I bang my head onto my pillow and let it sink to the bottom of my pillow. I let out a sigh as I realize I need to choose soon.

I'm...

Conflicted...

I have never felt this way before. I shouldn't have to choose, I'm a killer. I'm supposed to end it now and get it over with but I can't...

What the hell is wrong with me?..

I'm supposed to not have a heart....

I don't have a heart!....

Everyone has a heart. It's either dark and has no feeling, or light and has felt everything.

My heart is dark. It has no feeling. It is not a heart...
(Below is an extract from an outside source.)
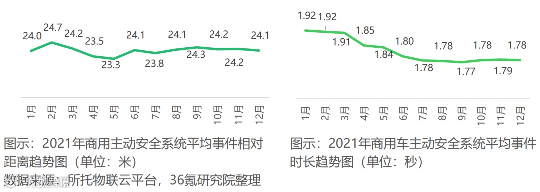 事实上,“主动安全”在降低事故发生率方面确实效果显著。据AXA Winterthur统计数据显示,高级辅助驾驶系统(ADAS)可以避免 43.4% 的交通事故。而据36氪研究院最新的《2022商用车道路运输安全研究报告》分析,在预警策略保持稳定的情况下,主动安全系统可以在司机未识别风险时及时启动缓速或制动,从根源上减少人员伤亡和经济损失。同时主动安全系统将平均事件时长(设备预警开始至司机干预驾驶为止的时间)由1.92s降至1.78s,说明司机的安全防范意识越来越强,从而能够在更短的时间内响应设备预警或采取制动措施,主动化解风险。

It obviously is, you feel for these to girls.

No I don't!!!!...

I shoot up from my bed and burst through my door. I literally hop down the flights stairs. I burst out the door leaving it wide open. I can feel everyone's stares burn into me and I run away from the mansion. I go and sit at my normal spot, under the trees.

Alone... Finally...

I sit there and sigh from time to time as I stare at my hands thinking about the decision I have to make. It's hard... I don't know why, And I most certainly still don't know this foreign feeling and I hate it with all my heart, but my heart also tells me other wise. My heart is aching and I feel something I have never felt before. Guilt is it?... I'm not sure..
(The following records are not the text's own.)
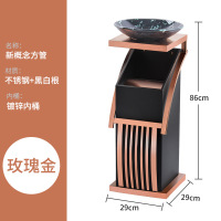 商用酒店大堂垃圾桶带烟灰缸不锈钢大理石商场电梯口 豪华 方管玫瑰金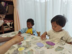 お散歩の後、スズ組さんは今月の製作をしました♡紫陽花をイメージして、乳酸菌飲料の容器で模様付けしましたよ😌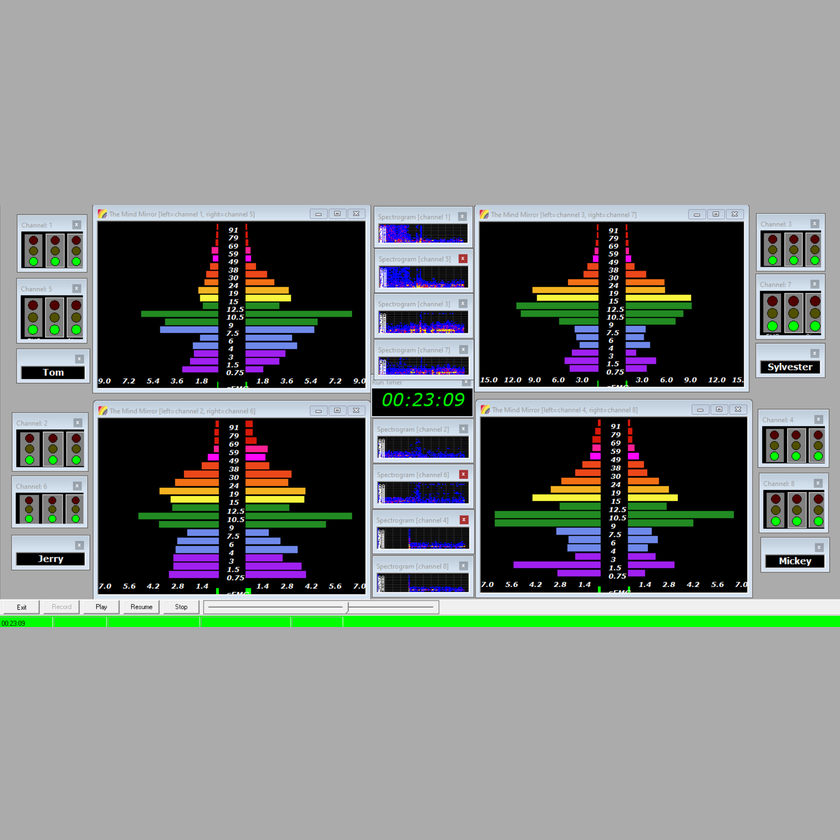 The Practitioner Kit with a set of 4 EEG sensors utilizes the Mind Mirror to its maximum capacity by providing simultaneous monitoring for four friends or clients. Includes:

Eventually I get up and walk down the trail in the forest, the forest that separates the mansion from the cabin. Once I reach the cabin I walk in and close the door behind me. As I turn around I see Madison standing in the hall. I sigh under my breath as I walk closer to her.
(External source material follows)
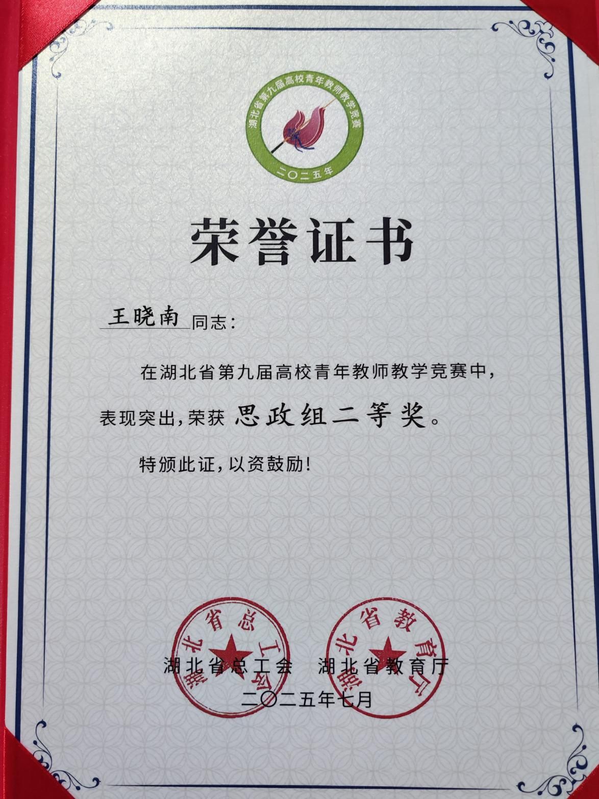 在本次竞赛中,bat365官网青年教师王晓南经过教学设计、教学展示、教学反思三个环节的比拼,表现优异,获得思政组二等奖第一名的佳绩。这是bat365官网教师在湖北省高校青年教师教学竞赛中取得的最好成绩,实现了历史性突破。

"Where have to been?" she ask.

"Killing" I sigh.

"Please don't tell me you killed, I mean tried to kill Ben did you?!" she says frustrated as she walks closer to me.

"No" I grunt. She sighs in relief and walks closer towards me. My heart aches more when she does so and I walk away from her, brushing right past her. I walk into my room and softly close the door, normally I slam it but I didn't feel like it. I plop onto my bed as more thoughts run through my head. Then I hear a knock on my door. "Come.. in.." I say quietly. The door opens and it's Ben. I instantly burst out of bed and a wave of anger goes through me, yah I'm still mad at him. I stare at him intently as I see in his eyes he regrets coming in here.

"Jeff..." he says quietly.

"What?!" I snap.

"What is wrong?" he said simply. I thought for awhile before answering his question.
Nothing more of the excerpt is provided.